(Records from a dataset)
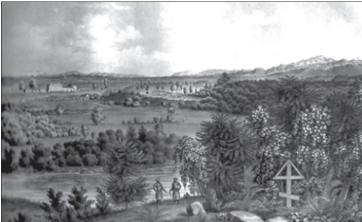
ოზურბეთი, 1830 წ. დიუბუას ნახატი

ამასთანავე უნდა აღინიშნოს ის ფაქტიც, რომ ამ ოქმებიდან მტკიცდება, თუ რა სასტიკი იყო ხალხის განა-
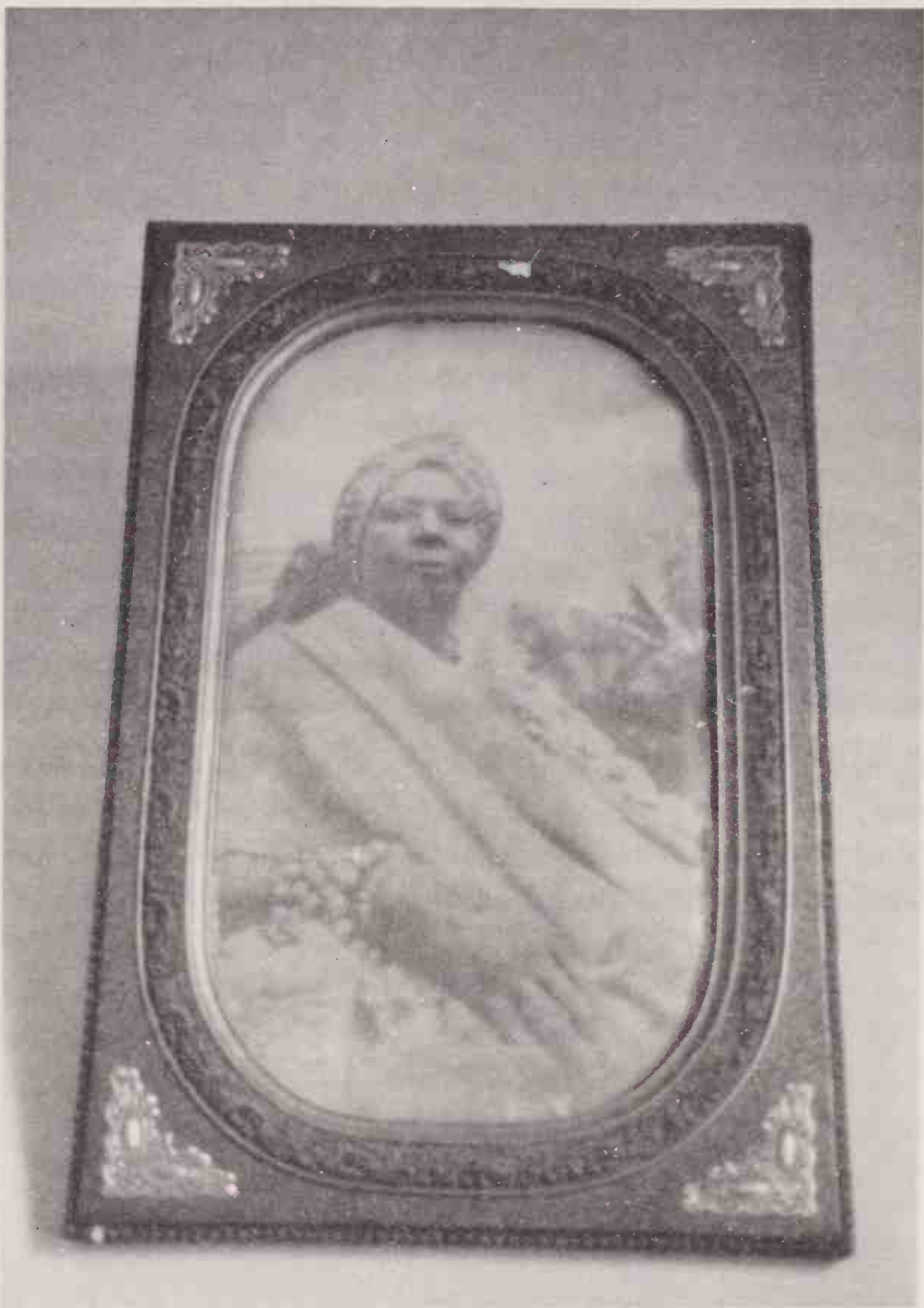
Fotografia de mãe Aninha, Obá Biyi, dependurada na parede do quarto de jogo.
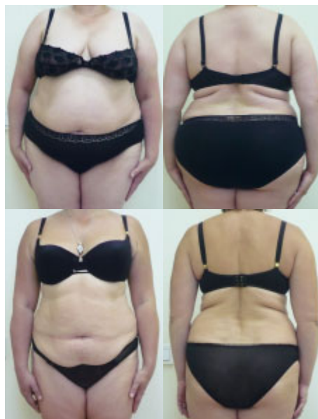
До процедуры и через 5 недель

Мероприятия по детоксикации необходимо проводить значительно дольше того момента, когда у пациента начнется снижение веса, а начинать следует еще на этапе планирования лечения. После достижения желаемого результата пациента следует постепенно вывести из редукционного питания и составить ему план рациона с физиологической калорийностью.
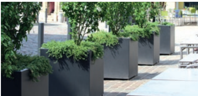
▲ Pflanzbehälter MALOUT, 246 Liter, Höhe 700 mm, in DB 703 eisenglimmer
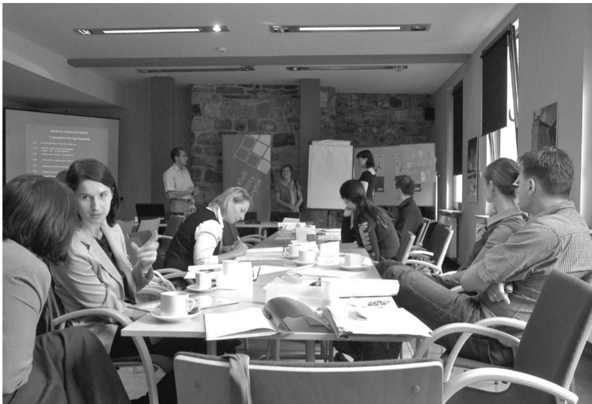
Warsztaty w cieszyńskim Zamku, fot. Kazimierz Branny

Technika ta świetnie sprawdza się w relacjach interpersonalnych, dzięki czemu wpływa również na poprawę relacji ze współpracownikami.

* Your objective: All preceding records should be duplicated verbatim, images excepted.

* Expected answer:
ოზურბეთი, 1830 წ. დიუბუას ნახატი

ამასთანავე უნდა აღინიშნოს ის ფაქტიც, რომ ამ ოქმებიდან მტკიცდება, თუ რა სასტიკი იყო ხალხის განა-
Fotografia de mãe Aninha, Obá Biyi, dependurada na parede do quarto de jogo.
До процедуры и через 5 недель

Мероприятия по детоксикации необходимо проводить значительно дольше того момента, когда у пациента начнется снижение веса, а начинать следует еще на этапе планирования лечения. После достижения желаемого результата пациента следует постепенно вывести из редукционного питания и составить ему план рациона с физиологической калорийностью.
▲ Pflanzbehälter MALOUT, 246 Liter, Höhe 700 mm, in DB 703 eisenglimmer
Warsztaty w cieszyńskim Zamku, fot. Kazimierz Branny

Technika ta świetnie sprawdza się w relacjach interpersonalnych, dzięki czemu wpływa również na poprawę relacji ze współpracownikami.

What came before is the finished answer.